Zoomons un peu plus sur quelques thèmes marquants de l'ouvrage
Dès l'introduction, l'ouvrage nous plonge dans une réflexion sur la "pixélisation" du monde et son histoire, tout en pointant du doigt l'ambition inébranlable des technologues de la Silicon Valley. Ces derniers, de la conception du smartphone à l'avènement des métavers, semblent être obsédés par la création d'un être humain statique, ne communiquant avec son environnement que par le biais d'instructions simples, réduisant ainsi les interactions humaines à de simples "prompts". Cette critique acérée des conséquences sociales de la technologie moderne est l'un des points forts de l'ouvrage. Quelques concepts véhiculés font mouche : détection des sentiments, concordance algorithmique, fixité des corps, …
Ensuite, l'auteur explore la relation complexe entre les corps, les technologies et la société. À travers une analyse historique minutieuse, il met en lumière l'émergence de l'Internet des sens et les nouvelles formes de perception et d'expression qui en découlent, mettant particulièrement l'accent sur le rôle central des écrans et de la vision dans cette évolution. Cette section offre une perspective intrigante sur la manière dont la technologie façonne notre perception du monde qui nous entoure.
L'ouvrage aborde également la question du "réel refabriqué", remettant en question notre compréhension même de la réalité à l'ère de la représentation numérique omniprésente, en oubliant pas que "le réel, c'est quand on se cogne" (Lacan).
L'auteur souligne de manière poignante l'importance de la distinction entre le réel et le virtuel, tout en interrogeant la place de l'imagination dans un monde de plus en plus dominé par les algorithmes et les IA génératives. On évoque l'omniprésence symbolique qui prime sur la réalité, les jumeaux numériques et la génération d'image de type DALL-E, les évolutions vers les IA génératives. Que reste-t-il de l'imagination ?
Dans les chapitres suivants, l'auteur explore les risques inhérents à la vaporisation des identités individuelles et à l'instrumentalisation des autres dans un monde de plus en plus numérisé. Il examine également les implications socio-économiques de la numérisation forcée, mettant en lumière les défis posés par l'automatisation croissante et les changements radicaux qui en découlent sur le marché du travail.
Cependant, là où l'ouvrage brille particulièrement, c'est dans son analyse critique des discours entourant l'éthique et les biais dans le domaine de l'intelligence artificielle. L'auteur dénonce avec vigueur la superficialité de ces discours, les qualifiant de simples artifices visant à légitimer une technologie dont les conséquences sociales pourraient être dévastatrices.
Enfin, l'ouvrage se termine sur une note résolument politique, plaidant en faveur d'une interdiction de l'intelligence artificielle générative et prônant une "reconquête écologique" de soi-même à travers la mise en commun des ressources.

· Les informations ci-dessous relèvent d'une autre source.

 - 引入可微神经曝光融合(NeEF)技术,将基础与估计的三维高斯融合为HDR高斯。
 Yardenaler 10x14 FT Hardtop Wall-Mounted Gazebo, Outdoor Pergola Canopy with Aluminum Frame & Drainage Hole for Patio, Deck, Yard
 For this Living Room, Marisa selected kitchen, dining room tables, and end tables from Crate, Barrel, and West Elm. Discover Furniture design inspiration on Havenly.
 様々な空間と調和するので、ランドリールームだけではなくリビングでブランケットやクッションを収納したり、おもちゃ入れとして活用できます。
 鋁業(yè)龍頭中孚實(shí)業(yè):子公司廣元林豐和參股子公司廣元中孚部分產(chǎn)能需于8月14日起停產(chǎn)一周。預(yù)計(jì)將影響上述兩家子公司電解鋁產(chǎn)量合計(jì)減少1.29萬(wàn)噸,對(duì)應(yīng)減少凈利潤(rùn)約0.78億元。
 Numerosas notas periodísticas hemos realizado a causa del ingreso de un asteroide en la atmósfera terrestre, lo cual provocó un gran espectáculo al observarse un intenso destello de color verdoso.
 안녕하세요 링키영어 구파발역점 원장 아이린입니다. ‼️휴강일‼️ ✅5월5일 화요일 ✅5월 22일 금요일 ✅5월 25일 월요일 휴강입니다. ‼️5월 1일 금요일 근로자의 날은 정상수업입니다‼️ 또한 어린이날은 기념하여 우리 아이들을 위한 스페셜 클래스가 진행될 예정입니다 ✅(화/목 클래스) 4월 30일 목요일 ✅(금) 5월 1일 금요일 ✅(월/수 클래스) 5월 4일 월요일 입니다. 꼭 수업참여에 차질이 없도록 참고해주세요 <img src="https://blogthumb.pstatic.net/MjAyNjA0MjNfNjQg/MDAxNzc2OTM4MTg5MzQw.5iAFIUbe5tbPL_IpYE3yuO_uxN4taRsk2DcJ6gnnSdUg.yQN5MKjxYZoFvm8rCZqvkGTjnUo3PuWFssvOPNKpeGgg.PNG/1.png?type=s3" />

Bien que cette position soit stimulante et provocatrice, on ne peut s'empêcher de ressentir un certain manque dans les solutions proposées, qui semblent parfois plus idéologiques que pratiques.
La Vie Spectrale offre une critique incisive et profondément perturbante de notre époque, mettant en lumière les défis majeurs auxquels nous sommes confrontés dans un monde de plus en plus dominé par les technologies numériques. C'est un appel à l'action pour préserver ce qui nous rend vraiment humains dans un paysage où les voix des fantômes numériques menacent de parler en notre nom.